### EXERCISE AIM
Write out the data again exactly, skipping every picture.

(SUPPLIED DATA begins)

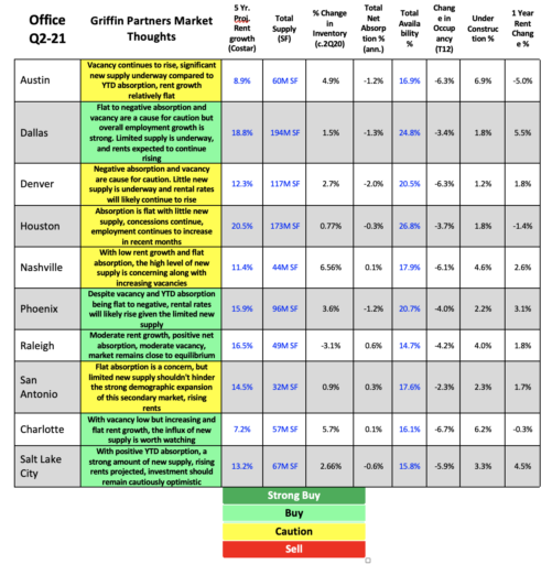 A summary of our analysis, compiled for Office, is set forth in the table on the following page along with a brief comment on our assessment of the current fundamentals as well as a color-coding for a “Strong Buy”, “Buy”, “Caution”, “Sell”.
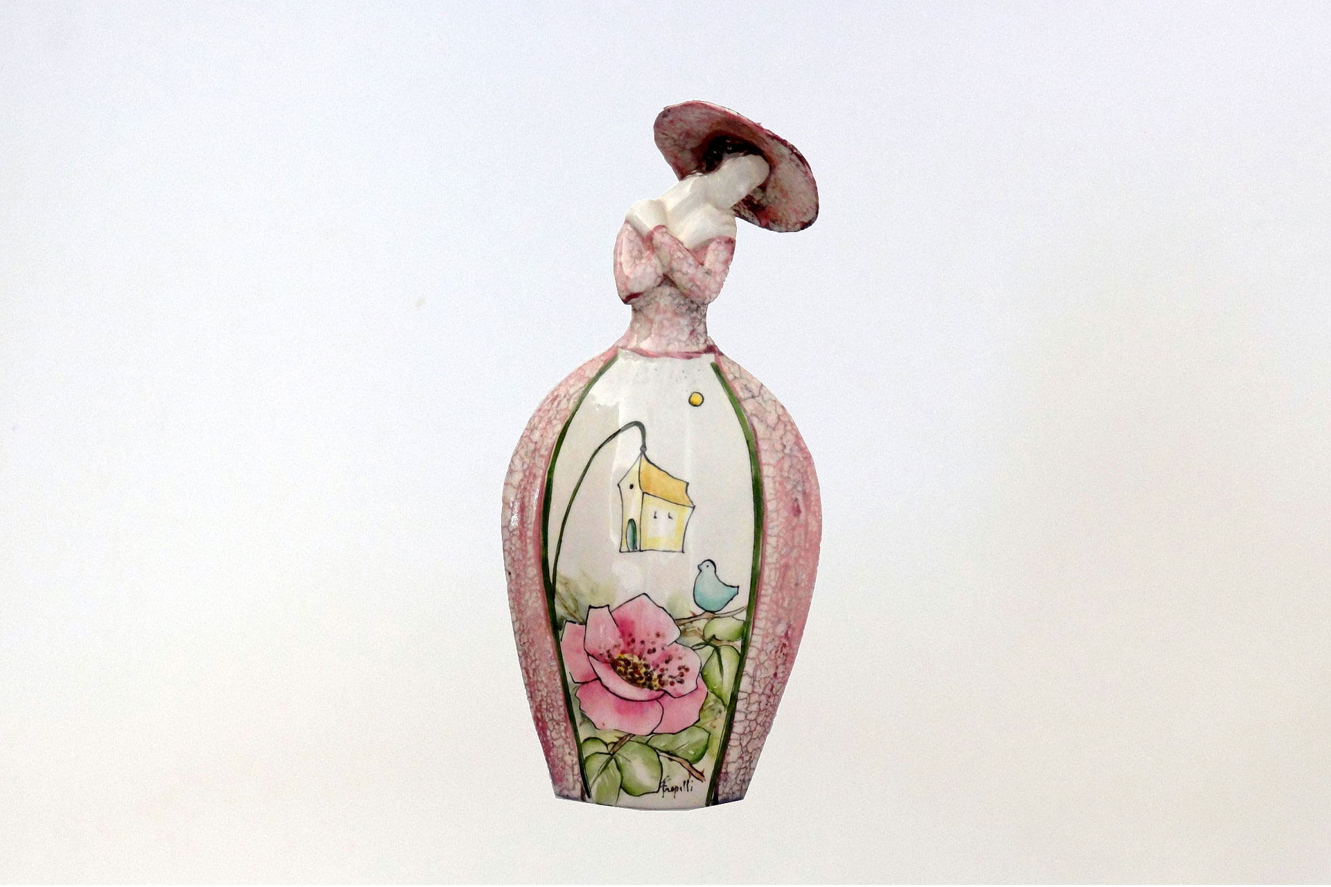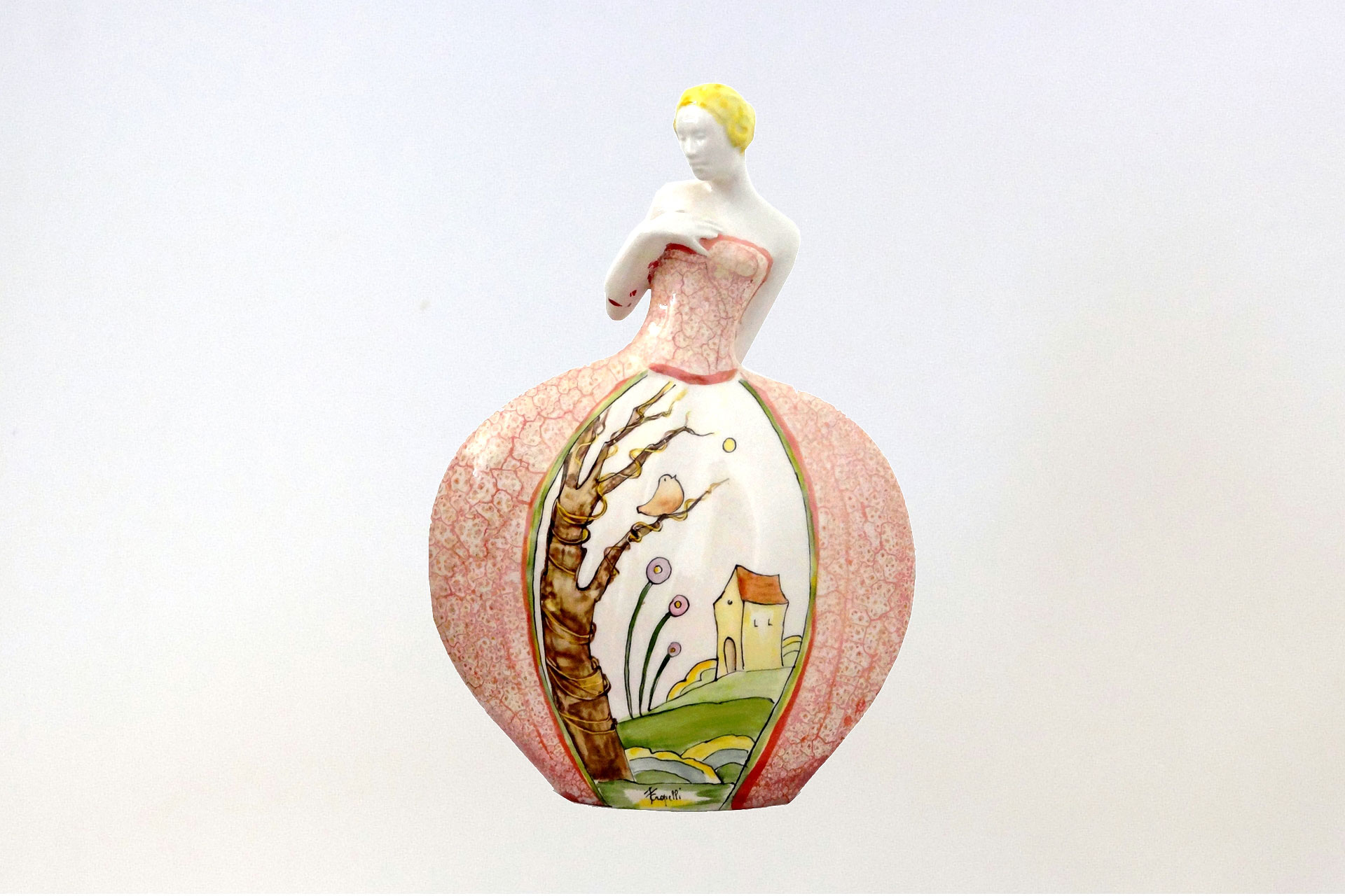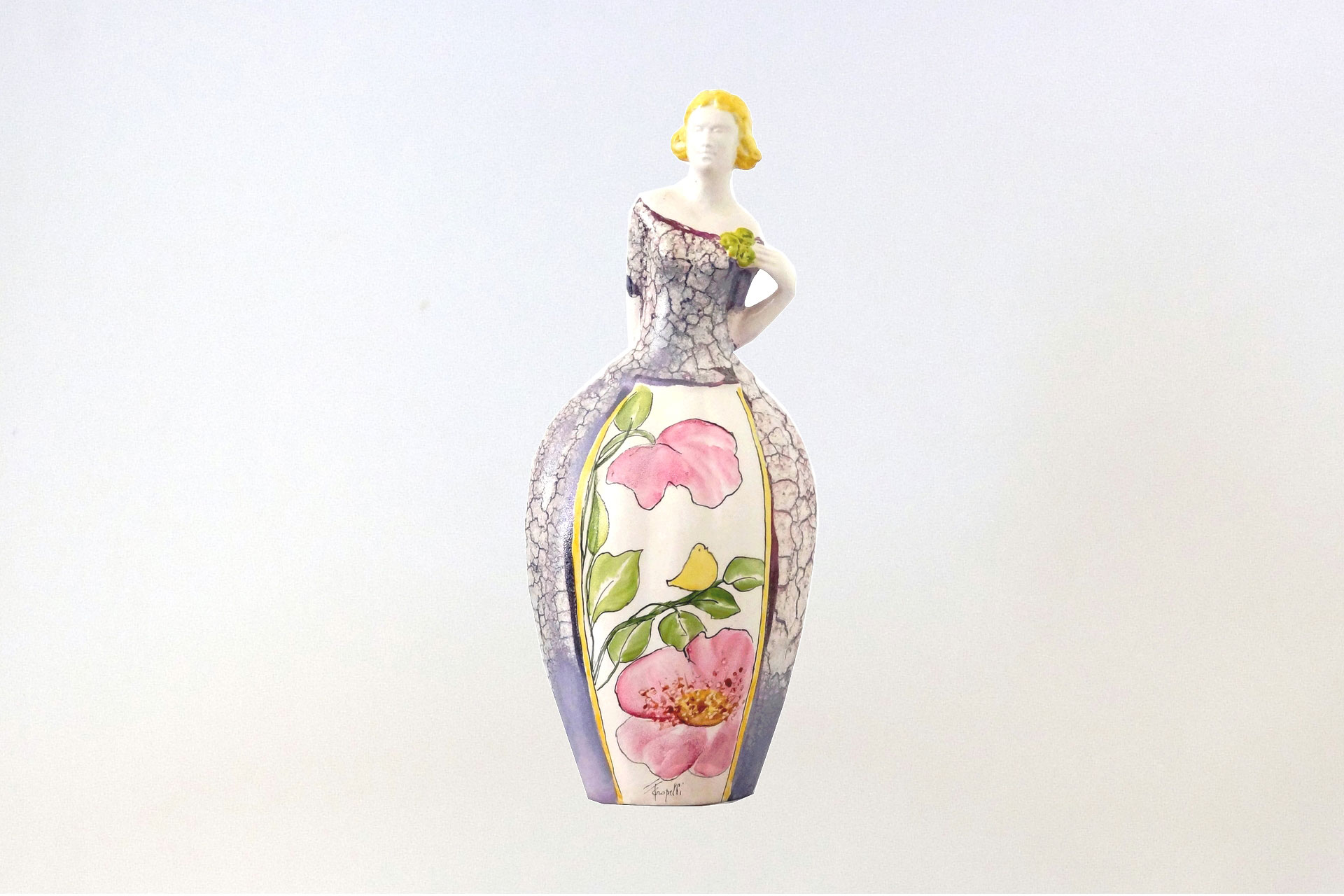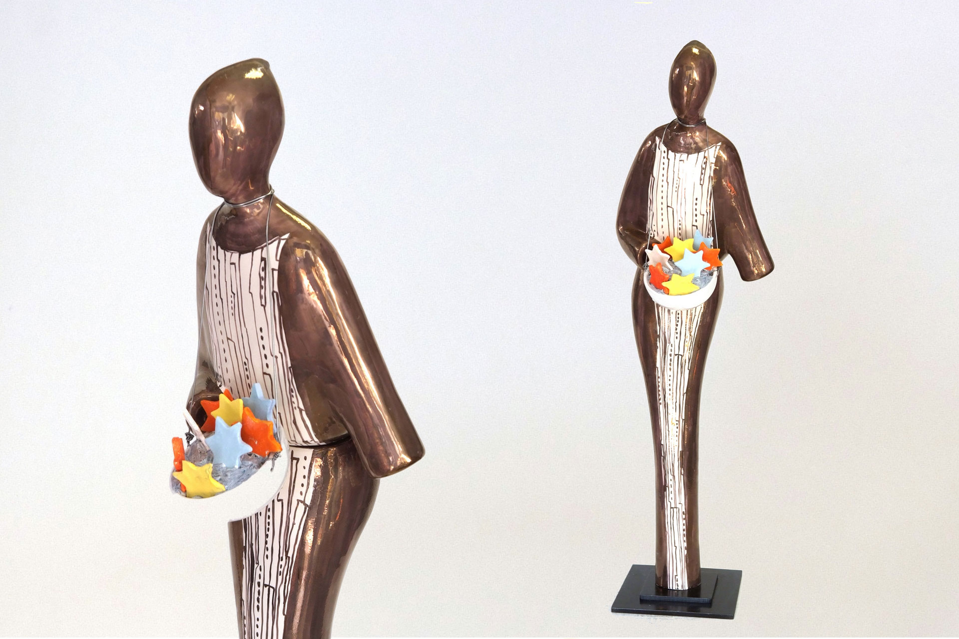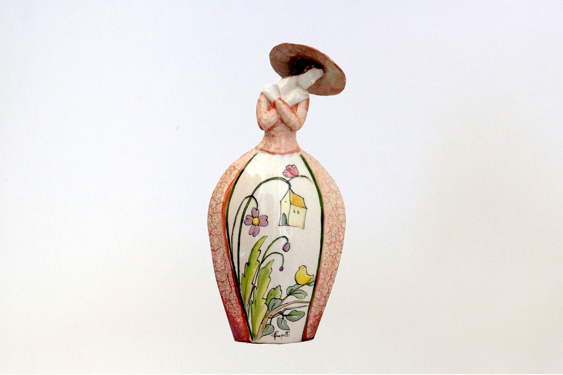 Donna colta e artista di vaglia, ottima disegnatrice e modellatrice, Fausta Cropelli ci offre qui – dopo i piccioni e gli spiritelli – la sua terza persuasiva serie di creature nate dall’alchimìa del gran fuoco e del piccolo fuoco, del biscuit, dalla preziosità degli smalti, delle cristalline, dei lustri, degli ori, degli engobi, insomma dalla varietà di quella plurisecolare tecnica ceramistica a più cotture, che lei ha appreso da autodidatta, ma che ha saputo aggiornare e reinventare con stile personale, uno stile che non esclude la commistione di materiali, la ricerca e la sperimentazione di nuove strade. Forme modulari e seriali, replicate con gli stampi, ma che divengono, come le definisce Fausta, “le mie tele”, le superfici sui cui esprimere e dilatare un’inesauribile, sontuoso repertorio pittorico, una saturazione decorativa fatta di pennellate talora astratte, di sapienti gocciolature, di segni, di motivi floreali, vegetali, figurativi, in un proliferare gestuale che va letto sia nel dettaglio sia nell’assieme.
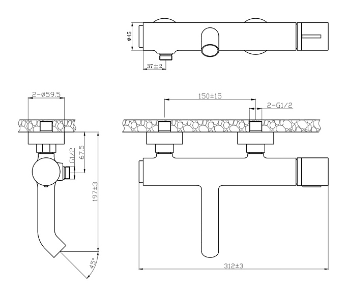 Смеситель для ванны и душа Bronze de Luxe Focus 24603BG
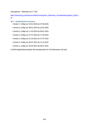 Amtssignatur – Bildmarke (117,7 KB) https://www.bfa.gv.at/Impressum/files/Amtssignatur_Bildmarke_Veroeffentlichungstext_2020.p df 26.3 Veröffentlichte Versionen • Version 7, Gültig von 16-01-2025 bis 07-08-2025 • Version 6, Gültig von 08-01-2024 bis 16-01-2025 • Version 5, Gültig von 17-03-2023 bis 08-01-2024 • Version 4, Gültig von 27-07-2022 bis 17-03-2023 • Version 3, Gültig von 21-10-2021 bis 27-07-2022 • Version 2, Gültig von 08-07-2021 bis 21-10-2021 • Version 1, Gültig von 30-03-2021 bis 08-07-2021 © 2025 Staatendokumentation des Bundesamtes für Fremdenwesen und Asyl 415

(SUPPLIED DATA ends)

### OUTPUT FOR THIS TASK
 A summary of our analysis, compiled for Office, is set forth in the table on the following page along with a brief comment on our assessment of the current fundamentals as well as a color-coding for a “Strong Buy”, “Buy”, “Caution”, “Sell”.
 Donna colta e artista di vaglia, ottima disegnatrice e modellatrice, Fausta Cropelli ci offre qui – dopo i piccioni e gli spiritelli – la sua terza persuasiva serie di creature nate dall’alchimìa del gran fuoco e del piccolo fuoco, del biscuit, dalla preziosità degli smalti, delle cristalline, dei lustri, degli ori, degli engobi, insomma dalla varietà di quella plurisecolare tecnica ceramistica a più cotture, che lei ha appreso da autodidatta, ma che ha saputo aggiornare e reinventare con stile personale, uno stile che non esclude la commistione di materiali, la ricerca e la sperimentazione di nuove strade. Forme modulari e seriali, replicate con gli stampi, ma che divengono, come le definisce Fausta, “le mie tele”, le superfici sui cui esprimere e dilatare un’inesauribile, sontuoso repertorio pittorico, una saturazione decorativa fatta di pennellate talora astratte, di sapienti gocciolature, di segni, di motivi floreali, vegetali, figurativi, in un proliferare gestuale che va letto sia nel dettaglio sia nell’assieme.
 Смеситель для ванны и душа Bronze de Luxe Focus 24603BG
 Amtssignatur – Bildmarke (117,7 KB) https://www.bfa.gv.at/Impressum/files/Amtssignatur_Bildmarke_Veroeffentlichungstext_2020.p df 26.3 Veröffentlichte Versionen • Version 7, Gültig von 16-01-2025 bis 07-08-2025 • Version 6, Gültig von 08-01-2024 bis 16-01-2025 • Version 5, Gültig von 17-03-2023 bis 08-01-2024 • Version 4, Gültig von 27-07-2022 bis 17-03-2023 • Version 3, Gültig von 21-10-2021 bis 27-07-2022 • Version 2, Gültig von 08-07-2021 bis 21-10-2021 • Version 1, Gültig von 30-03-2021 bis 08-07-2021 © 2025 Staatendokumentation des Bundesamtes für Fremdenwesen und Asyl 415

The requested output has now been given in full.